A novel cyanobacteria occurrence index derived from optical water types in a tropical lake

IF 10.6 1区地球科学 Q1 GEOGRAPHY, PHYSICAL

ISPRS Journal of Photogrammetry and Remote Sensing

Pub Date : 2025-03-12 DOI: 10.1016/j.isprsjprs.2025.03.006

Davide Lomeo , Stefan G.H. Simis , Xiaohan Liu , Nick Selmes , Mark A. Warren , Anne D. Jungblut , Emma J. Tebbs

Cyanobacteria blooms are a threat to water quality of lakes and reservoirs worldwide, requiring scalable monitoring solutions. Existing approaches for remote sensing of cyanobacteria focus on quantifying (accessory) photosynthetic pigment to map surface accumulations. These approaches have proven challenging to validate against in situ observations, limiting uptake in water quality management. Optical Water Types (OWTs) have been used in inland and ocean waters to dynamically select suitable algorithms over optical gradients, thereby helping to limit out-of-scope application of individual algorithms. Here, we present a proof-of-concept study in Winam Gulf, Lake Victoria, extending an existing OWT framework using a hybrid approach combining in situ and satellite-derived water types. This extended OWT set of 25 water types, obtained from K-means clustering > 18 million Sentinel-3 Ocean and Land Colour Instrument (OLCI) spectra, was found to better capture the optical diversity of cyanobacteria bloom phases compared to the original OWT set. We translate this framework into a novel Cyanobacteria Occurrence Index (COI) by assigning weights to key optical features observed in the OWT set, such as phycocyanin absorption and surface accumulation. COI was strongly correlated with established algorithms for chlorophyll-a (Maximum Peak Height; r = 0.9) and phycocyanin (Simis07; r = 0.84), while potentially capturing various bloom phases in optically mixed conditions. We demonstrate how COI could be mapped onto a three-category risk classification to facilitate communication of cyanobacteria occurrence risk. Initial tests across diverse waterbodies suggest potential for wider application, though further validation across different environmental conditions is needed. This work provides a foundation for improved cyanobacteria monitoring in optically complex waters, particularly where conventional sampling approaches face limitations.

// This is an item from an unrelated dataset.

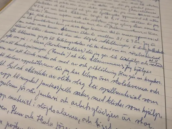 Bäddar min och min mans sängar, väcker vår son som skall till skolan, han går i 3:e ring på Burgårdens gymnasium. När jag plockat fram lunchmaten, som min man o vår dotter skall ha, (hönsalådaube, rödbetor och potatis som dom steker själva) tar jag min kasse med skolböcker och lite annat och går till Kjellbergska gymnasiet och sitter kl. 8.16 på min bänk. Lektionen börjar kl. 8.15 men sällan är jag där då! Kommer in som sista elev nästan varje gång. Läser svenska. Vi går första terminen i grundskolans kurs, den är en tvåterminskurs, vi läser in hela grundskolans kurs på dessa bägge terminer. Det är vuxengymnasiet som ordnar dessa kurser. Elevernas ålder är mellan 21 – 63 år. Jag är ibland de äldre i kursen, och har den lägsta utbildningen, 6-årig folkskola.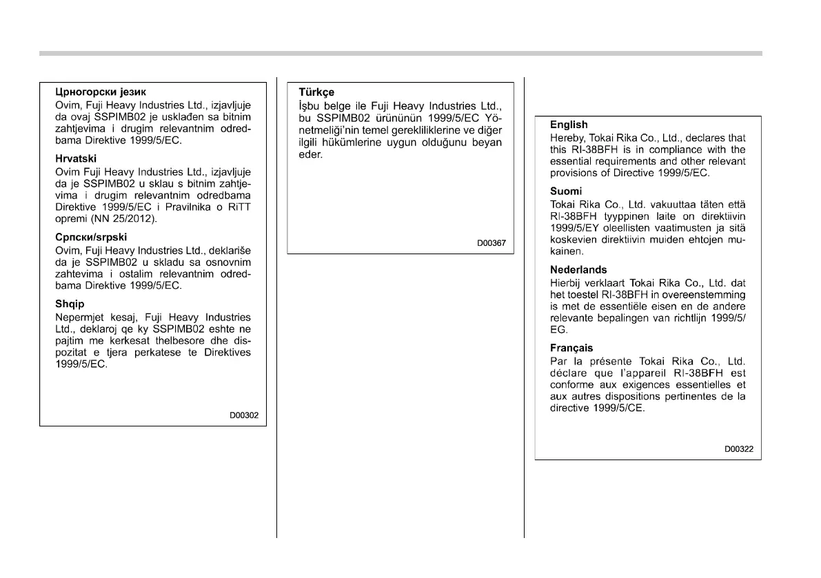 Supplement/Declaration of conformity in accordance with the radio and telecommunications terminal equipment directive 1999/5/EC

蓝藻藻华威胁着全球湖泊和水库的水质，需要可扩展的监测解决方案。现有的蓝藻遥感方法主要通过量化（附属）光合色素来绘制蓝藻表面积累图。事实证明，这些方法很难与现场观测结果进行验证，从而限制了在水质管理中的应用。光学水体类型（OWTs）已被用于内陆和海洋水域，通过光学梯度动态选择合适的算法，从而帮助限制单个算法在范围外的应用。在此，我们介绍了在维多利亚湖维纳姆湾进行的概念验证研究，该研究使用结合原位水类型和卫星水类型的混合方法扩展了现有的 OWT 框架。这套扩展的 OWT 包含 25 种水类型，由 K-means 聚类> 1800 万个哨兵-3 海洋和陆地色彩仪器（OLCI）光谱得出，与原始 OWT 相比，它能更好地捕捉蓝藻绽放阶段的光学多样性。我们将这一框架转化为一种新的蓝藻发生指数（COI），方法是为在 OWT 集上观测到的关键光学特征（如藻蓝蛋白吸收和表面积累）分配权重。COI 与叶绿素-a（最大峰高；r = 0.9）和藻蓝蛋白（Simis07；r = 0.84）的既定算法密切相关，同时有可能捕捉到光学混合条件下的各种藻华阶段。我们展示了如何将 COI 映射到三类风险分类中，以促进蓝藻发生风险的交流。在不同水体中进行的初步测试表明，该方法具有更广泛的应用潜力，但还需要在不同环境条件下进行进一步验证。这项工作为改善光学复杂水体中的蓝藻监测工作奠定了基础，尤其是在传统取样方法受到限制的情况下。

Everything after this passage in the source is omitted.